PROBLEM DETAILS :: For the entries below, the expected answer is the line with "Further streets form", the line with "2022下册三年级语文人教版 考点梳理手册——第二单元", and every line between them, exactly as written, and nothing more.

INPUT RECORDS ::
★ ★ ★

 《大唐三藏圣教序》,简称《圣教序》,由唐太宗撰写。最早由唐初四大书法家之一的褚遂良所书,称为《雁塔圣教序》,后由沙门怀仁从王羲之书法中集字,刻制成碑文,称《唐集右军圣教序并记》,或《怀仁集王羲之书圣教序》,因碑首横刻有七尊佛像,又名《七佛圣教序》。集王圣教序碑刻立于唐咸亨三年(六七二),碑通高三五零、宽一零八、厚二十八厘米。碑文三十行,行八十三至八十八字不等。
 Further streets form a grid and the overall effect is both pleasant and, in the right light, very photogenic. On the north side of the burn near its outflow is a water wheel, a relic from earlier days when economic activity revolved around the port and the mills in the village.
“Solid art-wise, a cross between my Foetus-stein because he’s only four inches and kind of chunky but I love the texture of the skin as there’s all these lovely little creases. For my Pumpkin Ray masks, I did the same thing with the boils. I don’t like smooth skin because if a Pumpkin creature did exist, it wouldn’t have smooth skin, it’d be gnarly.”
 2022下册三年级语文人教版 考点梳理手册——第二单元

★ ★ ★

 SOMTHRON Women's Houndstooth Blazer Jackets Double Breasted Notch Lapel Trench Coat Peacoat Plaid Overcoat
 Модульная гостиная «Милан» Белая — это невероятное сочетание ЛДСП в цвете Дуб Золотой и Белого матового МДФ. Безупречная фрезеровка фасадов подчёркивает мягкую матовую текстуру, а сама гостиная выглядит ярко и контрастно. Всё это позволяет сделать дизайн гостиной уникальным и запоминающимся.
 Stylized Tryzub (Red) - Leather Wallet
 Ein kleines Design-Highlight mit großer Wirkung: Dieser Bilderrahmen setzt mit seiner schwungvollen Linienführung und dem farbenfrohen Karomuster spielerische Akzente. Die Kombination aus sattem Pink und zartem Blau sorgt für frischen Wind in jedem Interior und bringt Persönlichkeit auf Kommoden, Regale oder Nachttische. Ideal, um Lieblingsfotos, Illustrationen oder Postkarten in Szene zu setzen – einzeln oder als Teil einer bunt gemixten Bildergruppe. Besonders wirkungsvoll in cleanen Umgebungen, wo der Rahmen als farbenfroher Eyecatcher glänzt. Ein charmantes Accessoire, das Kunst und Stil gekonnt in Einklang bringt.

★ ★ ★

OUTPUT OF THE TASK ::
 Further streets form a grid and the overall effect is both pleasant and, in the right light, very photogenic. On the north side of the burn near its outflow is a water wheel, a relic from earlier days when economic activity revolved around the port and the mills in the village.
“Solid art-wise, a cross between my Foetus-stein because he’s only four inches and kind of chunky but I love the texture of the skin as there’s all these lovely little creases. For my Pumpkin Ray masks, I did the same thing with the boils. I don’t like smooth skin because if a Pumpkin creature did exist, it wouldn’t have smooth skin, it’d be gnarly.”
 2022下册三年级语文人教版 考点梳理手册——第二单元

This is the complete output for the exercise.